AYM’nin fevkalâde zahmetlere karşın paradigmatik dönüşümünü kıymetli ölçüde tamamlayıp; hak eksenli bir yaklaşımla varlıklı bir içtihat oluşturduğunu aktaran Arslan, kelamlarına şöyle devam etti: “AYM’nin hak eksenli yaklaşımla inşa ettiği bu içtihat birikimi, bir yandan hukuk nizamının Anayasa ile uyumlu hale gelmesini sağlamış, öbür yandan da temel hak ve özgürlüklerin müdafaa alanını genişleterek standartları yükseltmiştir.

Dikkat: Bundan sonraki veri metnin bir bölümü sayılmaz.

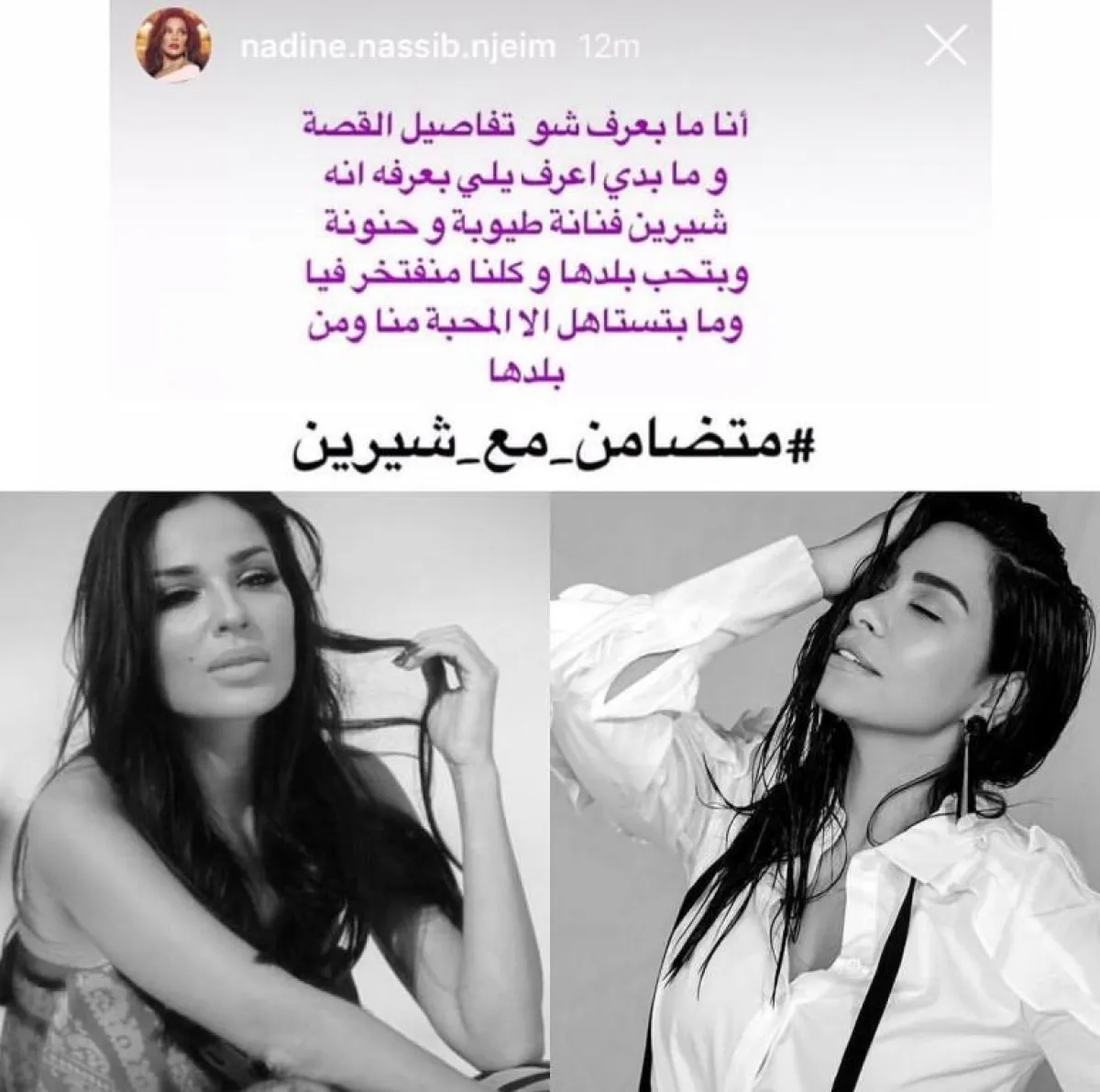نادين نسيب نجيم أكدت أنها لا تعرف القصة، ولا تريد أن تعرفها، ولكنها تعرف طيبة وحنان شيرين عبد الوهاب، وكيف تعشق وطنها، وأضافت: شيرين ما بتستاهل إلا المحبة منا ومن بلدها.

Mahkememiz, özellikle 10’uncu yılını kutladığımız ferdî müracaatla birlikte, yaşama hakkından söz özgürlüğüne, adil yargılanma hakkından örgütlenme özgürlüğüne kadar, tüm anayasal hak ve özgürlüklerin korunmasına yönelik değerli kararlar vermiş ve vermeye devam etmektedir. AYM, bu süreçte her vakit demokratik hukuk tertibinin yanında olmuş, temel hak ve özgürlükleri korumak için ağır bir uğraş vermiştir. Bunu yaparken de ne yargısal aktivizme ne de kendini sınırlama yoluna tevessül etmiştir. Mahkememiz istikrarlı bir formda bir yandan Anayasa’nın çizdiği sonları aşmadan, öteki yandan da kendisine tanınan anayasal ve yasal yetkileri kullanmaktan imtina etmeden misyonlarını hakkıyla ve hassasiyetle yerine getirmenin uğraşı içinde olmuştur.”
Arslan’ın konuşmasının akabinde Saygıdeğer İnce’nin özgeçmişi okundu. İnce, akabinde kürsüye çıkarak yemin etti. Daha sonra İnce’ye AYM Lideri Arslan tarafından kisvesi giydirildi.